Task directions:
Under this line sits a listing. Repeat exactly and only its lines from the one holding "逆水寒手游琥珀氽鲜汤配方及材料获取方法 2025-07-28 08:14:21" through the one holding "特徴(性格など) | ☆"; skip pictures.

Records supplied:
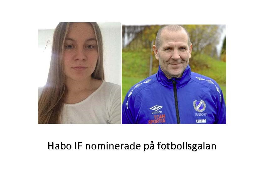 Nu på lördag så går Jönköpings Fotbollsgala av stapeln. Habo IF har spelare/ledare nominerade i två av klasserna. Jättekul ! Wilma Ihrman är nominerad i klassen årets anfallare och Lars Nordgren som årets ungdomsledare. Habo IF önskar båda Lycka till på lördag. Här är de nominerade anfallarna: Wilma Ihrman, Habo IF: Trots sin unga ålder har 18-åringen dragit ett stort lass i Habos division 2-lag den här säsongen. Sju mål blev det för anfallaren som har visat upp många kvaliteter den här säsongen. Erika Ludvigsson, Husqvarna FF Blev tvåa i den interna skytteligan under säsongen i division 2. Är en nyttig spelare som banar väg för sina lagkamrater och som kan skapa chanser på egen hand Pawel Cibicki, J-Södra Succé-lånet från Malmö FF har satt avtryck i Jönköping under 2016. Växte fram till den målskytt J-Södra hoppades på i allsvenskan. Förutom mål bidrar Cibicki med hårt jobb och bra spelförståelse. Arber Hasani, Husqvarna FF: Kom från Tenhult inför den här säsongen och satte avtryck direkt. Stod för elva fullträffar i division 1 den här säsongen och bidrog starkt till att HFF klarade nytt kontrakt Här är de nominerade till årets ungdomsledare: Lars Nordgren, Habo IF: Ansvarig för ungdomsverksamheten i Habo IF och drar ett tungt lass för att utveckla den sektionen. Är också ledare för klubbens P04-gäng och är en av hjärnorna bakom Habo Honda Cup. Raymond Håkansson, Mariebo IK: Har varit verksam sedan 2006 och är nu tränare för klubbens P99-lag. Har också jobbat hårt för att få så många som möjligt att fortsätta spela fotboll och stanna kvar i föreningen. En glädjespridare. Petra Åkerlund, Mullsjö IF: Ledare för Mullsjös F02-lag och också ungdomsansvarig i föreningen. Gör ett gott jobb med spelarna i F02-gänget och lär dem på ett pedagogiskt sätt fotbollens värderingar samt taktiska och tekniska färdigheter. Sofia Hillenborg, IK Vista: En engagerad ledare som tar ett stort ansvar. Är driven, intresserad och gillar att vara involverad i frågorna som rör IK Vista och P06-laget som hon tränar. Ett lag som för övrigt har lyckats bra med "föräldraatmosfären" runt matcherna.
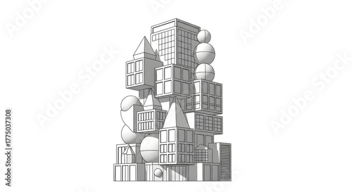 Obraz premium Abstract Architectural Sketch of Stacked Geometric Buildings and Spheres in...
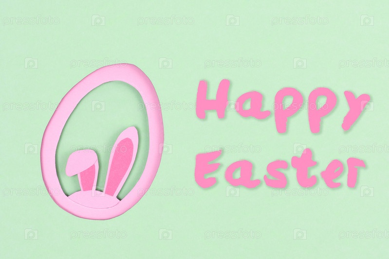 Вырезанные из бумаги розовые уши пасхального кролика и форма зеленого яйца с надписью Happy Easter. Пасхальная открытка с копией места для текста. Креативная пасхальная минимальная концепция, плоская планировка
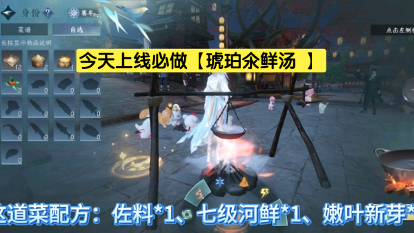 逆水寒手游琥珀氽鲜汤配方及材料获取方法 2025-07-28 08:14:21 11 在「逆水寒手游」中,琥珀氽鲜汤是一道需要沙与海之歌1级才能破解的料理。玩家可在菜单栏-身份-烹调界面,使用佐料x1、七级河鲜x1和嫩叶新芽x2进行制作。下面为大家详细介绍琥珀氽鲜汤的配方及材料获取方法,感兴趣的少侠快来看看吧!
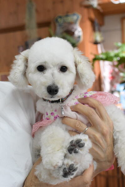 | 特徴(性格など) | ☆ 現在お見合いが決定しているため、一旦募集は中止いたします。(2024.10.5) <犬種> プードル(メス) <年齢> 4歳(2019年12月15日 生) <体重> 3.8㎏ ・ 健康診断 済 特に問題ナシ ・ 心雑音 ナシ ・ フィラリア 陰性(2024.4.5) ・ 6種ワクチン接種 済(2024.4.5) ・ ネクスガードスペクトラ 済 ・ 避妊 済(実施日:収容時実施済) ・ 狂犬病予防 接種済(2024.4.12) ・ マイクロチップ装着 済(装着年月日:収容時装着済) ・ 歯石除去 済(2024.4.15) ・ 右脇腹に5mm大の皮下腫瘤(毛包嚢胞)があり、摘出術実施済(2024.4.15) (病理検査の結果は良性でしたが、今後も定期的な検査が必要です) ・ 段差がある場所や走る時に、左の後脚をあげることがあり、 パテラの可能性がありますが、痛みはナイため様子見でいいと思います。 <性格> 人が大好き、とにかく甘えっ子です♪ ずっと人にくっついていたいタイプでお膝に飛び乗ってきます♪ 人見知りはまったくありません♪ どこを触っても怒ったりすることはありません。 他の犬とは特に問題はないです。 ただしテリトリーに入ってくる子に唸る事はありますが最初だけですぐ慣れます 売られたケンカは買うところもあるので注意が必要です。 ケージから出して欲しくて吠えることがありますが、 そんなに吠える方ではないと思います。 ダメというとすぐ理解してくれ、聞き分けのよい賢い子です♪ お散歩大好きです♪ 拾い食いがあるので注意が必要です。 室内でのトイレは、ほぼ完ペキに近くなってきています♪♪♪ オシッコはタイミングを見計らってトイレに誘導するとしてくれますし、 ウンチは1日3回くらいしますが、ほとんどシートの上でしてくれます♪(食糞あり) お留守番や夜はクレートでおりこうにできます♪ 夜は朝まで静かに寝てくれます♪ クレートの中で排泄して汚すことはありません♪ 食べることが大好きで何でも美味しく食べてくれます♪ りんごちゃんは人が大好き超甘えんぼさんなので、 すぐ馴染んでくれますし、暮らしやすい子だと思います♪ でも甘やかせすぎて、自分が1番優位に立つと、 他のワンちゃんにヤキモチ焼いたりするかもしれません ダメなことはダメとキチンと教えていただかないと、 要求吠えしたりワガママな子になってしまう可能性があります。 まだ若い子なので、きちんと躾をしてくださる方にお願いしたいです 可愛いりんごちゃんを大切にして下さる里親さまを募集しています♪ |
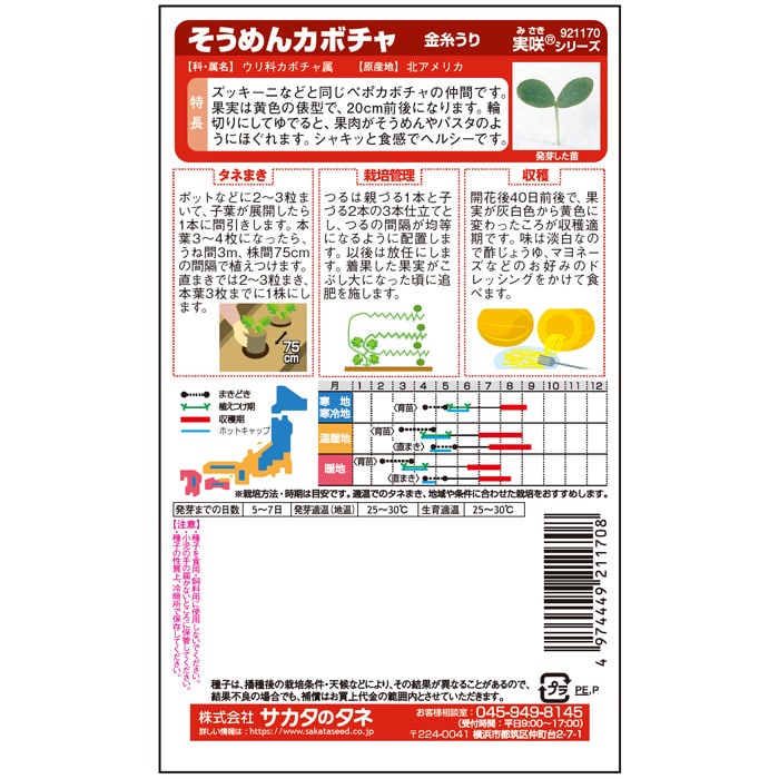 黄色で俵形の20cm前後のカボチャがたくさん収穫できます。クセのない淡泊な食味は、どんな調味料とも相性がよく美味です。
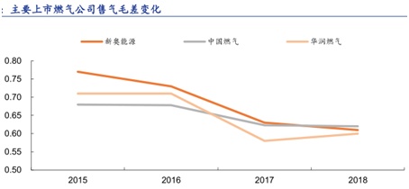 需求增速下滑的同时,燃企售气的利润空间还在下滑。近几年,新奥、中燃、华燃的售气毛差在持续下滑,考虑到实体经济对终端用能成本的让利诉求,以及天然气上游企业不断争夺利润空间来看,燃企售气毛差长期走势依然是向下,由此带来的将是业绩增速持续跑输售气量增速。
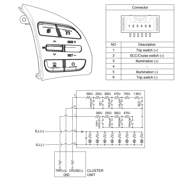 Components1. Left Remote Control Switch (Audio + Hands free)2. Right Remote Control Switch(Cruise+Trip Computer)
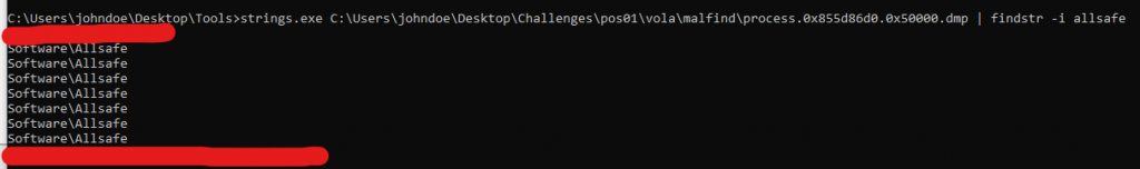 For this question, I ran various “strings” against the previously found dump piped to findstr/grep such as “exe” “allsafe” “allsafecybersec” and “whitelist“.
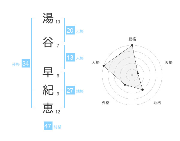 湯谷 早紀恵さんを姓名の画数から五運を鑑定

Solution to the exercise:
 逆水寒手游琥珀氽鲜汤配方及材料获取方法 2025-07-28 08:14:21 11 在「逆水寒手游」中,琥珀氽鲜汤是一道需要沙与海之歌1级才能破解的料理。玩家可在菜单栏-身份-烹调界面,使用佐料x1、七级河鲜x1和嫩叶新芽x2进行制作。下面为大家详细介绍琥珀氽鲜汤的配方及材料获取方法,感兴趣的少侠快来看看吧!
 | 特徴(性格など) | ☆ 現在お見合いが決定しているため、一旦募集は中止いたします。(2024.10.5) <犬種> プードル(メス) <年齢> 4歳(2019年12月15日 生) <体重> 3.8㎏ ・ 健康診断 済 特に問題ナシ ・ 心雑音 ナシ ・ フィラリア 陰性(2024.4.5) ・ 6種ワクチン接種 済(2024.4.5) ・ ネクスガードスペクトラ 済 ・ 避妊 済(実施日:収容時実施済) ・ 狂犬病予防 接種済(2024.4.12) ・ マイクロチップ装着 済(装着年月日:収容時装着済) ・ 歯石除去 済(2024.4.15) ・ 右脇腹に5mm大の皮下腫瘤(毛包嚢胞)があり、摘出術実施済(2024.4.15) (病理検査の結果は良性でしたが、今後も定期的な検査が必要です) ・ 段差がある場所や走る時に、左の後脚をあげることがあり、 パテラの可能性がありますが、痛みはナイため様子見でいいと思います。 <性格> 人が大好き、とにかく甘えっ子です♪ ずっと人にくっついていたいタイプでお膝に飛び乗ってきます♪ 人見知りはまったくありません♪ どこを触っても怒ったりすることはありません。 他の犬とは特に問題はないです。 ただしテリトリーに入ってくる子に唸る事はありますが最初だけですぐ慣れます 売られたケンカは買うところもあるので注意が必要です。 ケージから出して欲しくて吠えることがありますが、 そんなに吠える方ではないと思います。 ダメというとすぐ理解してくれ、聞き分けのよい賢い子です♪ お散歩大好きです♪ 拾い食いがあるので注意が必要です。 室内でのトイレは、ほぼ完ペキに近くなってきています♪♪♪ オシッコはタイミングを見計らってトイレに誘導するとしてくれますし、 ウンチは1日3回くらいしますが、ほとんどシートの上でしてくれます♪(食糞あり) お留守番や夜はクレートでおりこうにできます♪ 夜は朝まで静かに寝てくれます♪ クレートの中で排泄して汚すことはありません♪ 食べることが大好きで何でも美味しく食べてくれます♪ りんごちゃんは人が大好き超甘えんぼさんなので、 すぐ馴染んでくれますし、暮らしやすい子だと思います♪ でも甘やかせすぎて、自分が1番優位に立つと、 他のワンちゃんにヤキモチ焼いたりするかもしれません ダメなことはダメとキチンと教えていただかないと、 要求吠えしたりワガママな子になってしまう可能性があります。 まだ若い子なので、きちんと躾をしてくださる方にお願いしたいです 可愛いりんごちゃんを大切にして下さる里親さまを募集しています♪ |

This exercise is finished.